* [Problem description] All of the data that follows should be given again exactly, without its images.

* [Data]
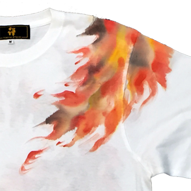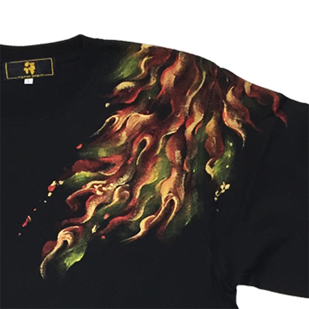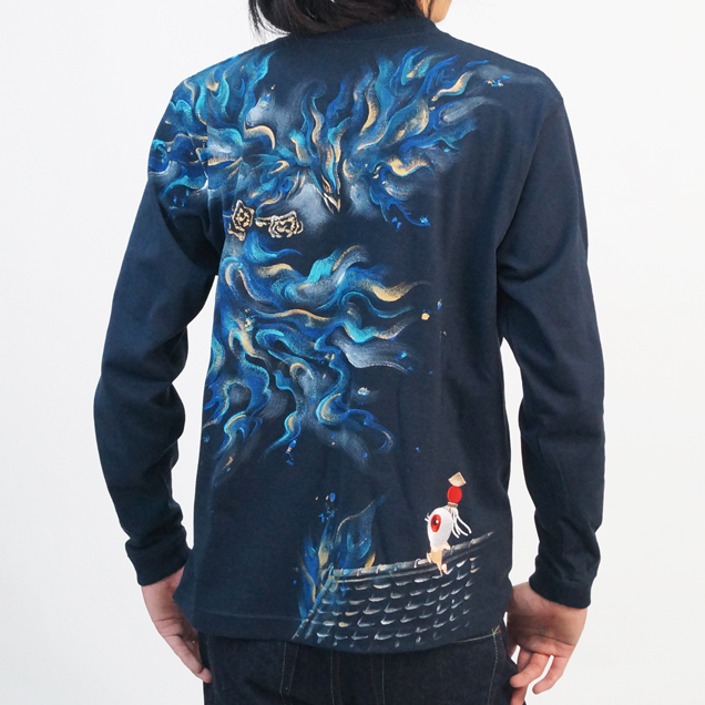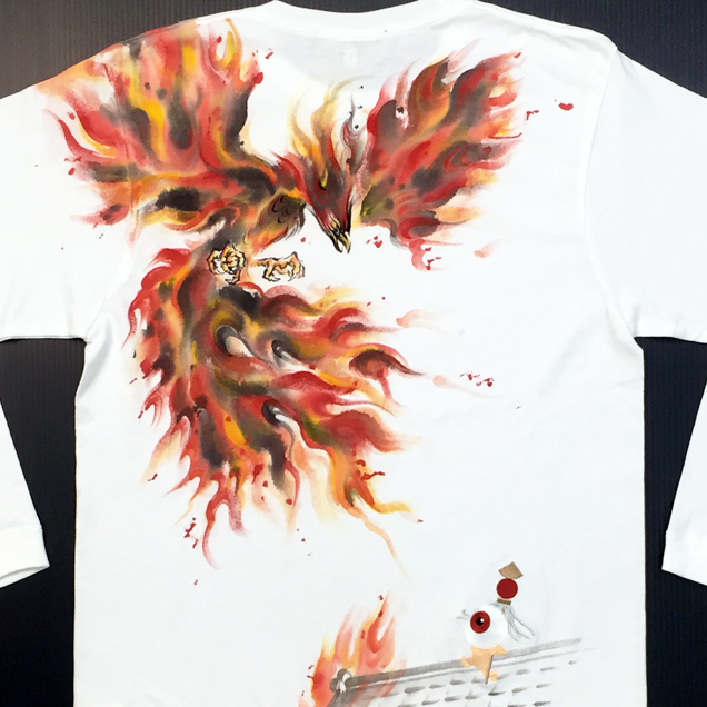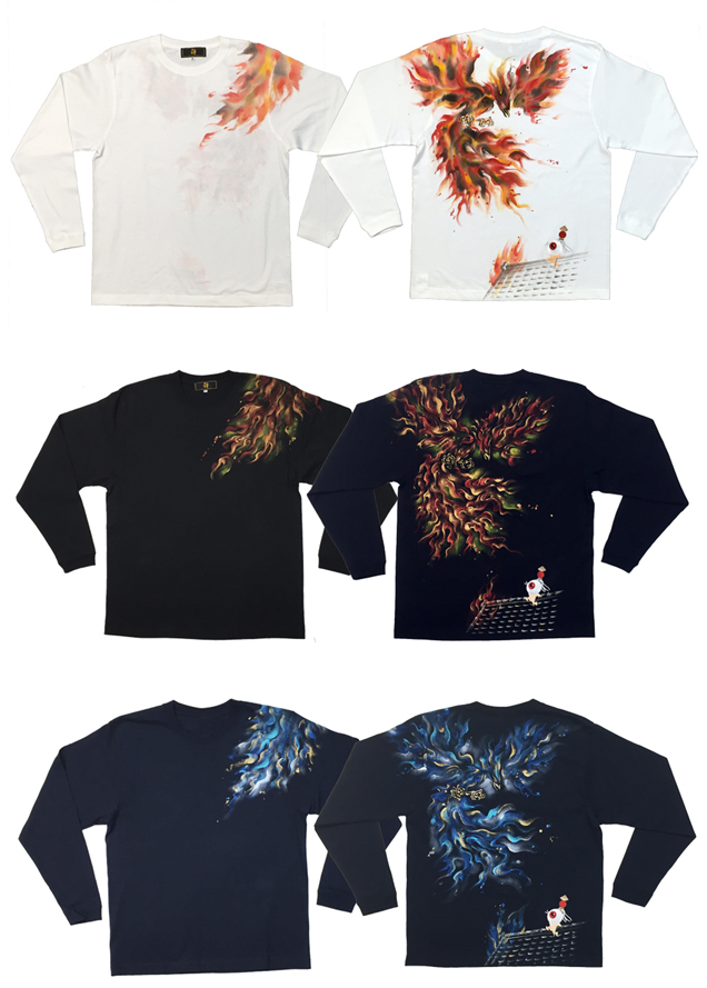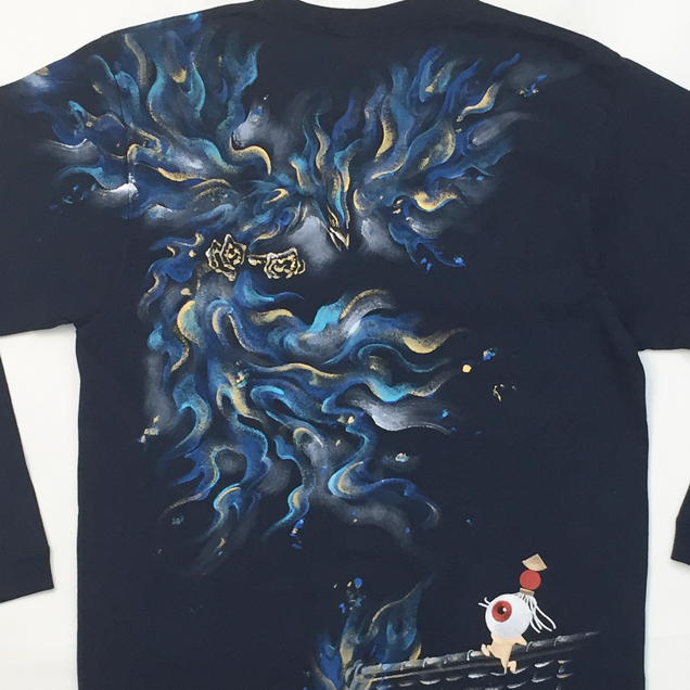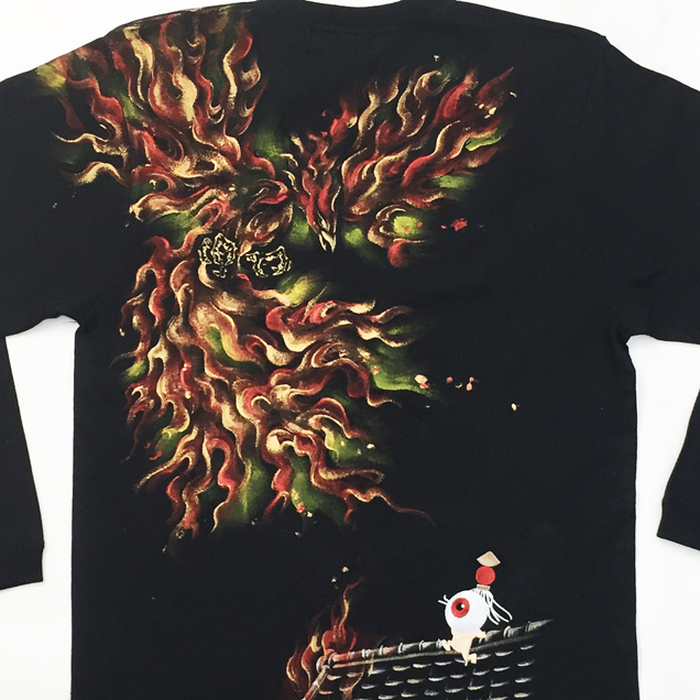 2017年秋の目玉親父Tシャツは火鳥がもたらす火事現場で勇敢に炎と向き合う目玉親父のロンT。限定カラーの紺色Tシャツは火鳥が青に燃えているのが印象的。同時にリリースされる火消し親父のジップジャケットもライトアウターとして必見の価値有です。紺色は88枚限定
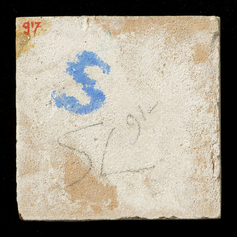 tegel van keramiek met tinglazuur, voorstellende: vo...
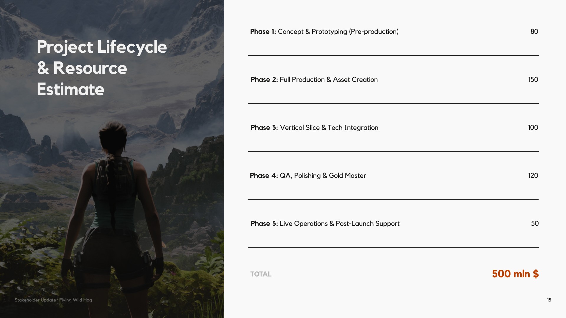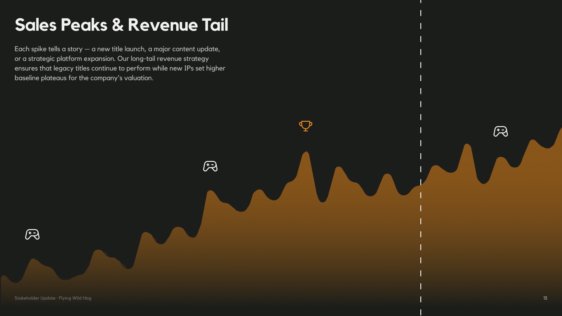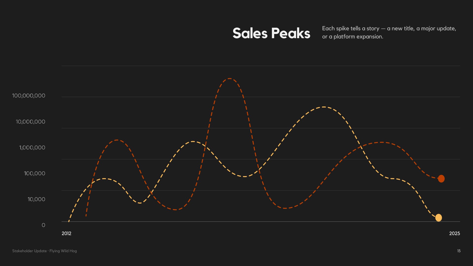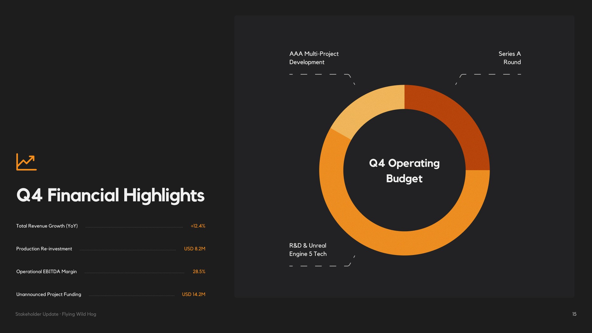 Flying Wild Hog needed a presentation that could speak to stakeholders — not just with numbers, but with narrative. The challenge was to take a wide range of information: studio history, game catalogue, headcount data, market positioning and future strategy, and shape it into a cohesive story that felt as dynamic as the games they make. The presentation had to balance credibility with personality, giving investors and partners a clear picture of where the studio has been, how it has grown, and where it is headed next.
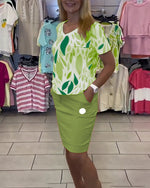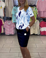 V-Neck Loose-Fitting Christmas Wine Glass Print Top

* [Reply]
 2017年秋の目玉親父Tシャツは火鳥がもたらす火事現場で勇敢に炎と向き合う目玉親父のロンT。限定カラーの紺色Tシャツは火鳥が青に燃えているのが印象的。同時にリリースされる火消し親父のジップジャケットもライトアウターとして必見の価値有です。紺色は88枚限定
 tegel van keramiek met tinglazuur, voorstellende: vo...
 Flying Wild Hog needed a presentation that could speak to stakeholders — not just with numbers, but with narrative. The challenge was to take a wide range of information: studio history, game catalogue, headcount data, market positioning and future strategy, and shape it into a cohesive story that felt as dynamic as the games they make. The presentation had to balance credibility with personality, giving investors and partners a clear picture of where the studio has been, how it has grown, and where it is headed next.
 V-Neck Loose-Fitting Christmas Wine Glass Print Top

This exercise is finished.